Decabling - This is one of the most difficult forms of damage. In video it does not occur, but in film it is there very frequently: the vertical stripes on the screen that can be so distracting. Especially if they also jump back and forth... A 100% solution for all cases unfortunately does not exist. With a lot of patience, and painstaking labour, often a lot of improvement is possible (with a photo editing package like Photoshop, 'content aware fill' is a good option if the cable can be trapped in a tiny selection). Unfortunately the result, despite all the hard work, is sometimes even more difficult to stomach than the original. This remains a worry. All the more reason for wet-gate scanning, which removes a lot of these problems at the source!

Commentary - Certainly documentaries, my genre, can not do without commentary. There are a few requirements, but everything I mention here has nothing to do with improving films - unless comments are re-done. What is needed? A good running text with correct grammar, which, spoken at a normal pace, is exactly adjusted to the images. A good speaking voice. And a speaker who does not stumble over the text. If the text does not suit the speaker, the text needs to change. A quiet space, with absolutely no ambient sounds, for text recording. Proper recording equipment, and the ability to transfer the recording to the computer. Recording directly on to the computer is also possible - there is ample (free) software to do that.

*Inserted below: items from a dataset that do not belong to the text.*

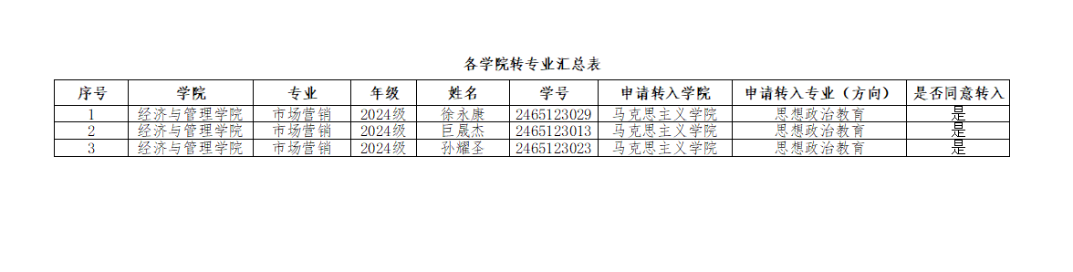 根据《马克思主义学院2025年转专业实施细则》,经本人申请,学院面试,学院转专业工作领导小组审核通过,现将拟转入人员名单进行公示。公示期两天,时间为: 2025年4月29日-2025年4月30日。如有异议,请联系马克思主义学教学办(秋实楼副楼519)。 2007so太阳集团 2025年4月29日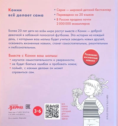 Konnija jau ir liela un var daudz ko paveikt pati! Viņa pati ģērbjas, gatavo brokastis, apmeklē pirmsskolu, skaita, zīmē un palīdz mammai iepirkties. Dažreiz viņa ne visu izdara perfekti, bet Konnija nekad nepadodas! Šī grāmata māca bērniem nebaidīties no kļūdām, attīsta pašapziņu un mudina viņus izmēģināt jaunas lietas.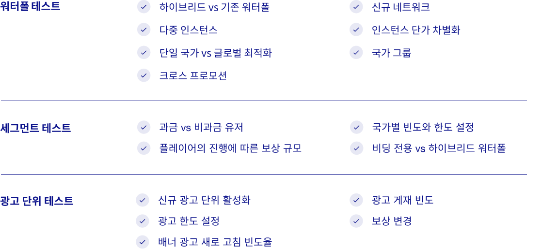 원하는 때에 테스트의 광고 유닛을 바로 추가하거나 특정 광고의 테스트를 중지하는 등 보다 높은 유연성으로 앱 성과를 최적화할 수 있습니다.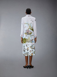 As geese take flight on their annual journey, gathering in graceful V-formations, they look ahead to brighter horizons, marking the passage of time and the start of something better. This piece celebrates change, growth, and new beginnings. It is a wearable narrative of unity and resilience, inviting you to step into each season with confidence and renewed purpose. Hidden front button closure Single Front flap pockets Buttoned cuffs with signature striped grosgrain trim Double vented back with signature striped grosgrain trim Signature striped grosgrain loop tab Model is 5'10" (178 cm), wearing size 40 55% Virgin Wool, 30% Silk, 15% Cashmere Combo 1: 51% Silk, 49% Wool Combo 2:100% Cotton Combo 3: 100% Polyester Combo4:100% Silk Lining: 100% Silk Made in Italy FOC709E-E1382-996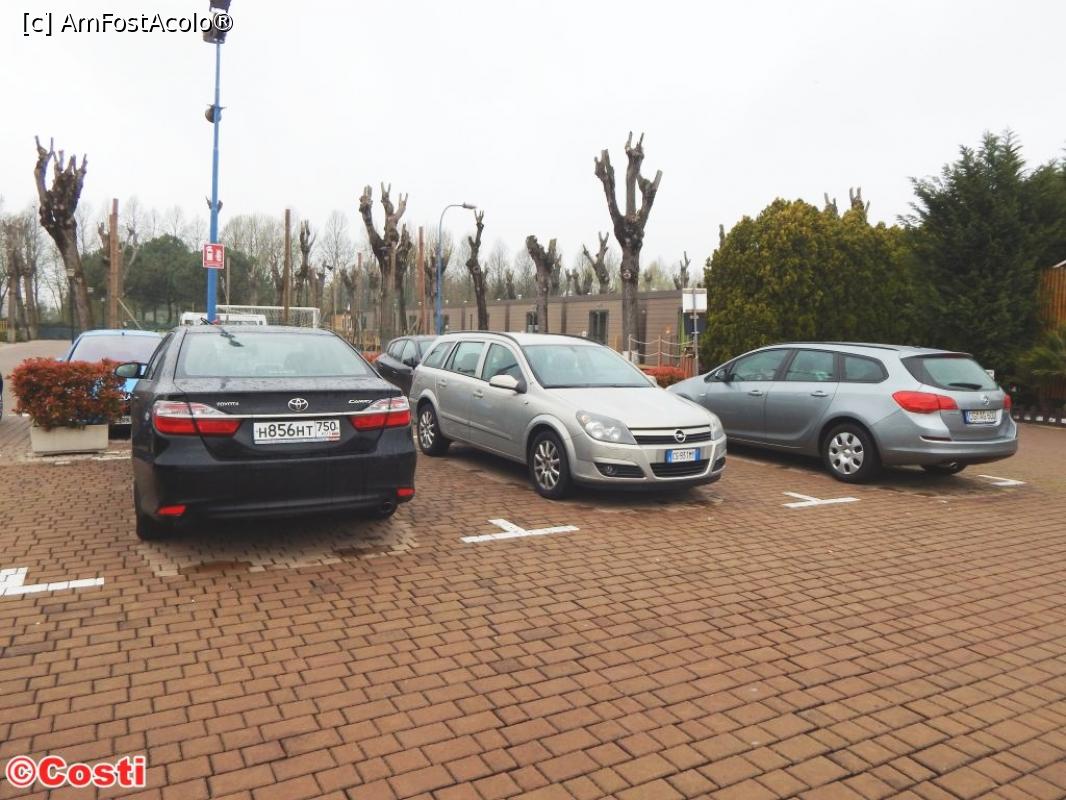 [P08] Parcarea de la Camping Village Jolly. Mașinuța roșie din stânga, era Fiatul Panda închiriat de noi.

Sound Mix - Mixing music, live sound and commentary together used to be, in analogue times, quite a big job. Nowadays it is a snap to adjust sound levels, make fades, suppress noise, stretch or shrink playing time without changing the pitch - you name it. A must: the free package Audacity, which does all of this remarkably well. To recombine picture and sound, VirtualDub(Mod) and AviSynth are once more top recommendations.

DVD structures - If only a DVD were but a collection of AVI files on a disc. The reality is much more complicated, and exporting movies to DVD structures (possibly including menus) absolutely requires a so-called authoring program. In this case I have not chosen a free solution, but a product that works very comfortably: TMPGenc Authoring Works. It does almost everything I want.

DVD multiplication - If the print run of the DVD threatens to be more than roughly a dozen copies, it may already be worth scouring the internet looking for companies that offer a multiplication service. Upwards of some 500 pieces, real pressed DVDs can already be genuinely interesting; for smaller numbers, the DVD-R should be chosen. With cover, 4-page printed booklet, outside label and DVD label, including burning and packaging in cellophane, they need not cost as much as three Euros apiece. At such prices, all the trouble of doing it yourself is really too much, especially if, when done by a serious firm, it looks much more professional as well!

Finally, there are a few important warnings to give out. It is important to find the optimal sequence of all the steps that are taken. A wrong order can greatly affect the quality of the final film. And it is also very important that as many steps as possible are executed in combination, at one time. Each time a jpg-file is written, there will be a (substantial) loss of quality. And each time a video clip is processed by an encoder, the same thing occurs. So that should be minimised, or alternatively, lossless formats could be used (tiff instead of jpg, and uncompressed video). A few extra hard disks will come in handy!